Easy Detection of Skewness

By examining the median’s position inside the box and the relative whisker lengths, boxplots make it easy to see if a dataset is symmetrical, right-skewed, or left-skewed. This helps in understanding differences between distributions, such as salary distributions in different industries.

Compact Yet Informative

Boxplots do not require a large amount of space and can be used effectively in reports or presentations to compare datasets quickly. They condense information into a single, easy-to-read visual while still capturing essential details about the data.

Example 3

These datasets represent the 100-meter sprint times (in seconds) for two groups: Olympic sprinters and high school sprinters. Use the Boxplot Generator for each dataset and compare their distributions.

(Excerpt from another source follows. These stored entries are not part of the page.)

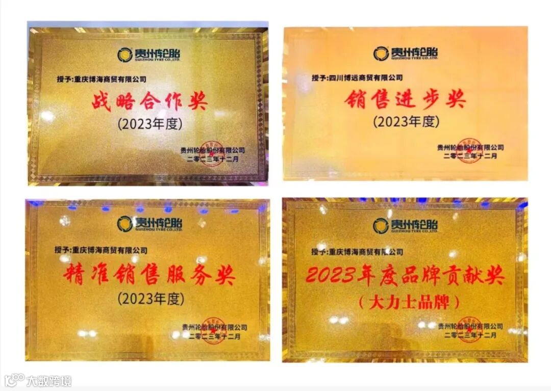 贵州轮胎股份有限公司董事长黄舸舸和总经理王鹍为32家优秀合作伙伴颁发战略合作奖,重庆博海商贸有限公司获此殊荣。此外,重庆博海商贸有限公司还荣获精准销售服务奖(2023年度),2023年度品牌贡献奖(大力士品牌);博海集团旗下四川博远商贸有限公司亦荣获销售进步奖(2023年度)。
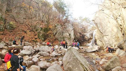 왕의 길 용연폭포 | ▲신라 왕들의 보폭에 발을 맞추는 ‘왕의 길’ ‘신문왕 행차길’ 신문왕이 동해바다에 잠든 문무대왕을 찾아간 길이다. 경주에서 감포로 넘어가는 길, 추령재 터널 전에 추원마을로 빠지는 지점이 왕의 길 시작이다. 경사가 높아서 말이 넘어졌다는 ‘말구부리’, 신문왕이 잠시 쉬었다 세수를 하고 간 ‘세수방’ 등 이야기가 가득한 길이다. 천년고찰 기림사끼지 이어지는 길은 그저 흔한 단풍 코스가 아닌 천년 신라 역사의 숨결이 스며있는 현장이다.
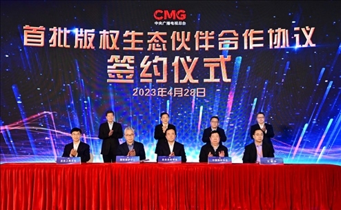 4月28日,以“共融共生 共創(chuàng)未來”為主題的中央廣播電視總臺首屆版權(quán)生態(tài)合作大會在上海舉行。中宣部副部長、中央廣播電視總臺臺長慎海雄,上海市委常委、宣傳部部長趙嘉鳴出席,并與中國版權(quán)協(xié)會理事長閻曉宏、總臺編務(wù)會議成員彭健明共同見證總臺首批版權(quán)生態(tài)伙伴簽約。

100m Sprint Times: High School vs. Olympic Athletes
High School (s) Olympic (s)
10.55 10.60 10.65 10.72 10.78 9.58 9.69 9.72 9.76 9.81
10.82 10.85 10.89 10.94 10.98 9.85 9.88 9.91 9.93 9.95
11.02 11.07 11.10 11.14 11.18 9.98 10.01 10.03 10.05 10.08
11.21 11.25 11.29 11.35 11.40 10.12 10.15 10.19 10.22 10.25

Solution

Copy the data, open the Boxplot Generator, paste the data into the spreadsheet, and close the spreadsheet.  The plot for the high school sprint times should appear automatically. 

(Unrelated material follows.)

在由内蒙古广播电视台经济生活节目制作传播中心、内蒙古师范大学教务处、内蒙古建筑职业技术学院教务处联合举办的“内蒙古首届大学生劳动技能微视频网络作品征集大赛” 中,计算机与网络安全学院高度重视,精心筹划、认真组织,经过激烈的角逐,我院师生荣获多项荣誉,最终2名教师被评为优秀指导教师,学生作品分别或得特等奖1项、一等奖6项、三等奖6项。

The boxplot of the high school sprint times.

To generate the second boxplot, change the number of datasets to Two, and set the second data set to column B. Then, the second plot will appear.

The boxplots for each set of sprint times are shown side-by-side.

As expected, the student times are slower than the Olympic times, but also notice that

  • the Olympic times are slightly skewed left while the high school students have a more normal distribution, which means there are a few Olympiads that significantly outperform the other athletes,
  • that the IQR for high school students is wider than for Olympiads; meaning that high school students have more variability in their times.

$$\tag*{\(\blacksquare\)}$$

Conclusion

Boxplots provide a visual summary of a dataset, highlighting its spread, skewness, and potential outliers. They are especially useful when comparing multiple populations such as high school and Olympic athletes that have their own levels of performance but a comparison of ability is still warranted.